[Start of section]
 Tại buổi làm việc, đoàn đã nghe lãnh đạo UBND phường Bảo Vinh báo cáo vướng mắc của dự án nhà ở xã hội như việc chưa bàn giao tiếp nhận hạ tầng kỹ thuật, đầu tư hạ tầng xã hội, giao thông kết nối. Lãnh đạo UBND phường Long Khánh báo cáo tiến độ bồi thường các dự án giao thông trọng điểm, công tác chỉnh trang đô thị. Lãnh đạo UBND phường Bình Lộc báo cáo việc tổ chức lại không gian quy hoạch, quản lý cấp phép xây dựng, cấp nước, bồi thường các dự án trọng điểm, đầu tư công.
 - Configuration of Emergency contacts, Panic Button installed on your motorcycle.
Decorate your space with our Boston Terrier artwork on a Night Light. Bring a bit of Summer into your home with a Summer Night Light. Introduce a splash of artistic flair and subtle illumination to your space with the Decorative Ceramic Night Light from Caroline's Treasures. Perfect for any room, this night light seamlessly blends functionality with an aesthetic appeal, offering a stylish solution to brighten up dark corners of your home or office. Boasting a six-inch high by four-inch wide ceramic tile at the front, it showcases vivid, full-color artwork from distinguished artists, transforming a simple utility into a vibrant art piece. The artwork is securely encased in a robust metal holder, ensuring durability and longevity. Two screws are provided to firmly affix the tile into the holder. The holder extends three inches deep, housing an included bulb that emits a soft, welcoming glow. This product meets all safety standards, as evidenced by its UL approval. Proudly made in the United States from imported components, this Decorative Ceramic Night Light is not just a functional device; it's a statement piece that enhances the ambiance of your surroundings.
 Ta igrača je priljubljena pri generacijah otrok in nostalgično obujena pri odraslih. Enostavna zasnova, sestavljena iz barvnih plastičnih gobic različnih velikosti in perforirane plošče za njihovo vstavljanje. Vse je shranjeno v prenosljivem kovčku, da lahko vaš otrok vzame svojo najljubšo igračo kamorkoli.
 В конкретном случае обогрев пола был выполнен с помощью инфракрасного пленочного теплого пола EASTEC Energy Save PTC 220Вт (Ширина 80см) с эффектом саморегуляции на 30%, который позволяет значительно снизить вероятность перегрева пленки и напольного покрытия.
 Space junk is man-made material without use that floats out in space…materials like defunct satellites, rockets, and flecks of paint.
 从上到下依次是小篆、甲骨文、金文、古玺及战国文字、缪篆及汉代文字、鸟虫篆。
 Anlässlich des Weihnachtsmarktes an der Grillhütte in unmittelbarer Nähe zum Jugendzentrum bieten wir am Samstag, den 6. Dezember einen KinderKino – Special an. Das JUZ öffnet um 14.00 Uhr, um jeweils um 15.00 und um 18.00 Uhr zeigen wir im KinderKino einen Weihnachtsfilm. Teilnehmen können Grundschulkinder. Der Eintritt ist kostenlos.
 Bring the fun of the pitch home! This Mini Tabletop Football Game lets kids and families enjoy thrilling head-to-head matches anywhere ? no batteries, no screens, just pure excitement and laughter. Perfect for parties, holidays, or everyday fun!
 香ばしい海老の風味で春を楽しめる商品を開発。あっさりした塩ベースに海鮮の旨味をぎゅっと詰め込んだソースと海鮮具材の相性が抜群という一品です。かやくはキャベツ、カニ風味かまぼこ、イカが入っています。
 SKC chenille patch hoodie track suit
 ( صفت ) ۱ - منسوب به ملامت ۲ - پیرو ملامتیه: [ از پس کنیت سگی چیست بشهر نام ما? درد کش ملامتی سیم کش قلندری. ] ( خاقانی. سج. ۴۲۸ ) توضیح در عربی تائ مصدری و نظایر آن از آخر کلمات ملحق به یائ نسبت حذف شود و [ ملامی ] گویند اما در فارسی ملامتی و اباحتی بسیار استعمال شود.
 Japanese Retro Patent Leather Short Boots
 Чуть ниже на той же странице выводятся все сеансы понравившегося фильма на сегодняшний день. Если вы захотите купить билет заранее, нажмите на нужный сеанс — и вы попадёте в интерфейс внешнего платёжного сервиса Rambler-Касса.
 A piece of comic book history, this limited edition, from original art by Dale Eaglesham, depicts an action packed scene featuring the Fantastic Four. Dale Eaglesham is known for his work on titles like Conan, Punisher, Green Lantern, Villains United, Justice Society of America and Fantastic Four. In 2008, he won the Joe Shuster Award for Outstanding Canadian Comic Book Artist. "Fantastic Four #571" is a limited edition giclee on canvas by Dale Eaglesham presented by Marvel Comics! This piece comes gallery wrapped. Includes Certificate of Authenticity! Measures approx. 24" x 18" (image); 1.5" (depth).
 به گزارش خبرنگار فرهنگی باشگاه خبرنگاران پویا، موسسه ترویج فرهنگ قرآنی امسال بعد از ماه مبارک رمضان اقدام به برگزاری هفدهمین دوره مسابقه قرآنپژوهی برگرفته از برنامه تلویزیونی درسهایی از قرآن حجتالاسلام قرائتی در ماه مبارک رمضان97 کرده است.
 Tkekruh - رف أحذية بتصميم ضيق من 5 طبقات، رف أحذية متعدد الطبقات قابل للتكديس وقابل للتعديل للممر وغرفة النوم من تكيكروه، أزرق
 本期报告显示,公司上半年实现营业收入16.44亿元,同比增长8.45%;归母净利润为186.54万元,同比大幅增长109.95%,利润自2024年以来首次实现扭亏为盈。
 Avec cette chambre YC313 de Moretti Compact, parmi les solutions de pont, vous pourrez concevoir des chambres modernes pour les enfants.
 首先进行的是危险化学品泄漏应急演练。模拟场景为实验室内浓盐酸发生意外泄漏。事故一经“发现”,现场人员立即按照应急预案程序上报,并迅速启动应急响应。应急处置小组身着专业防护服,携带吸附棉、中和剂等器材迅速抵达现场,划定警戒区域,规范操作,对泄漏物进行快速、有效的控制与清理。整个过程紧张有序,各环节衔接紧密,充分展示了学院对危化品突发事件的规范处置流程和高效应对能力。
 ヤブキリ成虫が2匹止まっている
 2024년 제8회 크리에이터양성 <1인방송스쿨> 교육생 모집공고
[End of section]
The full listing above should be repeated without omission.

 Tại buổi làm việc, đoàn đã nghe lãnh đạo UBND phường Bảo Vinh báo cáo vướng mắc của dự án nhà ở xã hội như việc chưa bàn giao tiếp nhận hạ tầng kỹ thuật, đầu tư hạ tầng xã hội, giao thông kết nối. Lãnh đạo UBND phường Long Khánh báo cáo tiến độ bồi thường các dự án giao thông trọng điểm, công tác chỉnh trang đô thị. Lãnh đạo UBND phường Bình Lộc báo cáo việc tổ chức lại không gian quy hoạch, quản lý cấp phép xây dựng, cấp nước, bồi thường các dự án trọng điểm, đầu tư công.
 - Configuration of Emergency contacts, Panic Button installed on your motorcycle.
Decorate your space with our Boston Terrier artwork on a Night Light. Bring a bit of Summer into your home with a Summer Night Light. Introduce a splash of artistic flair and subtle illumination to your space with the Decorative Ceramic Night Light from Caroline's Treasures. Perfect for any room, this night light seamlessly blends functionality with an aesthetic appeal, offering a stylish solution to brighten up dark corners of your home or office. Boasting a six-inch high by four-inch wide ceramic tile at the front, it showcases vivid, full-color artwork from distinguished artists, transforming a simple utility into a vibrant art piece. The artwork is securely encased in a robust metal holder, ensuring durability and longevity. Two screws are provided to firmly affix the tile into the holder. The holder extends three inches deep, housing an included bulb that emits a soft, welcoming glow. This product meets all safety standards, as evidenced by its UL approval. Proudly made in the United States from imported components, this Decorative Ceramic Night Light is not just a functional device; it's a statement piece that enhances the ambiance of your surroundings.
 Ta igrača je priljubljena pri generacijah otrok in nostalgično obujena pri odraslih. Enostavna zasnova, sestavljena iz barvnih plastičnih gobic različnih velikosti in perforirane plošče za njihovo vstavljanje. Vse je shranjeno v prenosljivem kovčku, da lahko vaš otrok vzame svojo najljubšo igračo kamorkoli.
 В конкретном случае обогрев пола был выполнен с помощью инфракрасного пленочного теплого пола EASTEC Energy Save PTC 220Вт (Ширина 80см) с эффектом саморегуляции на 30%, который позволяет значительно снизить вероятность перегрева пленки и напольного покрытия.
 Space junk is man-made material without use that floats out in space…materials like defunct satellites, rockets, and flecks of paint.
 从上到下依次是小篆、甲骨文、金文、古玺及战国文字、缪篆及汉代文字、鸟虫篆。
 Anlässlich des Weihnachtsmarktes an der Grillhütte in unmittelbarer Nähe zum Jugendzentrum bieten wir am Samstag, den 6. Dezember einen KinderKino – Special an. Das JUZ öffnet um 14.00 Uhr, um jeweils um 15.00 und um 18.00 Uhr zeigen wir im KinderKino einen Weihnachtsfilm. Teilnehmen können Grundschulkinder. Der Eintritt ist kostenlos.
 Bring the fun of the pitch home! This Mini Tabletop Football Game lets kids and families enjoy thrilling head-to-head matches anywhere ? no batteries, no screens, just pure excitement and laughter. Perfect for parties, holidays, or everyday fun!
 香ばしい海老の風味で春を楽しめる商品を開発。あっさりした塩ベースに海鮮の旨味をぎゅっと詰め込んだソースと海鮮具材の相性が抜群という一品です。かやくはキャベツ、カニ風味かまぼこ、イカが入っています。
 SKC chenille patch hoodie track suit
 ( صفت ) ۱ - منسوب به ملامت ۲ - پیرو ملامتیه: [ از پس کنیت سگی چیست بشهر نام ما? درد کش ملامتی سیم کش قلندری. ] ( خاقانی. سج. ۴۲۸ ) توضیح در عربی تائ مصدری و نظایر آن از آخر کلمات ملحق به یائ نسبت حذف شود و [ ملامی ] گویند اما در فارسی ملامتی و اباحتی بسیار استعمال شود.
 Japanese Retro Patent Leather Short Boots
 Чуть ниже на той же странице выводятся все сеансы понравившегося фильма на сегодняшний день. Если вы захотите купить билет заранее, нажмите на нужный сеанс — и вы попадёте в интерфейс внешнего платёжного сервиса Rambler-Касса.
 A piece of comic book history, this limited edition, from original art by Dale Eaglesham, depicts an action packed scene featuring the Fantastic Four. Dale Eaglesham is known for his work on titles like Conan, Punisher, Green Lantern, Villains United, Justice Society of America and Fantastic Four. In 2008, he won the Joe Shuster Award for Outstanding Canadian Comic Book Artist. "Fantastic Four #571" is a limited edition giclee on canvas by Dale Eaglesham presented by Marvel Comics! This piece comes gallery wrapped. Includes Certificate of Authenticity! Measures approx. 24" x 18" (image); 1.5" (depth).
 به گزارش خبرنگار فرهنگی باشگاه خبرنگاران پویا، موسسه ترویج فرهنگ قرآنی امسال بعد از ماه مبارک رمضان اقدام به برگزاری هفدهمین دوره مسابقه قرآنپژوهی برگرفته از برنامه تلویزیونی درسهایی از قرآن حجتالاسلام قرائتی در ماه مبارک رمضان97 کرده است.
 Tkekruh - رف أحذية بتصميم ضيق من 5 طبقات، رف أحذية متعدد الطبقات قابل للتكديس وقابل للتعديل للممر وغرفة النوم من تكيكروه، أزرق
 本期报告显示,公司上半年实现营业收入16.44亿元,同比增长8.45%;归母净利润为186.54万元,同比大幅增长109.95%,利润自2024年以来首次实现扭亏为盈。
 Avec cette chambre YC313 de Moretti Compact, parmi les solutions de pont, vous pourrez concevoir des chambres modernes pour les enfants.
 首先进行的是危险化学品泄漏应急演练。模拟场景为实验室内浓盐酸发生意外泄漏。事故一经“发现”,现场人员立即按照应急预案程序上报,并迅速启动应急响应。应急处置小组身着专业防护服,携带吸附棉、中和剂等器材迅速抵达现场,划定警戒区域,规范操作,对泄漏物进行快速、有效的控制与清理。整个过程紧张有序,各环节衔接紧密,充分展示了学院对危化品突发事件的规范处置流程和高效应对能力。
 ヤブキリ成虫が2匹止まっている
 2024년 제8회 크리에이터양성 <1인방송스쿨> 교육생 모집공고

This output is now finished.